• **WHAT YOU HAVE TO DO**
Every line from the one with "fig. 1. / 1." to the one with "El alcalde y", including those two, is to be copied exactly; all other lines of the entries below are left out.

• **RECORDS SHOWN**
- - - - -

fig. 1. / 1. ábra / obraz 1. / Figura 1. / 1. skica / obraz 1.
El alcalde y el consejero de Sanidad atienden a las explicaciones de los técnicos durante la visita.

- - - - -

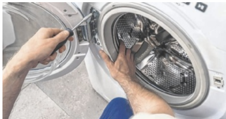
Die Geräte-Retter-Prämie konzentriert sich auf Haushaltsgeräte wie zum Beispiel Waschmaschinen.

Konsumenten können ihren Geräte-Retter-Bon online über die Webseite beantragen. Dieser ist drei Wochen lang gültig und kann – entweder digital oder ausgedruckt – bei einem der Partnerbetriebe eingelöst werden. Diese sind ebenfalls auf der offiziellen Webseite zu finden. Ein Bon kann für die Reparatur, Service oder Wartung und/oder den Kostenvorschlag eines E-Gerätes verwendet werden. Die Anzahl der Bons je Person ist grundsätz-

- - - - -

• **RESULT FOR THIS EXERCISE**
fig. 1. / 1. ábra / obraz 1. / Figura 1. / 1. skica / obraz 1.
El alcalde y el consejero de Sanidad atienden a las explicaciones de los técnicos durante la visita.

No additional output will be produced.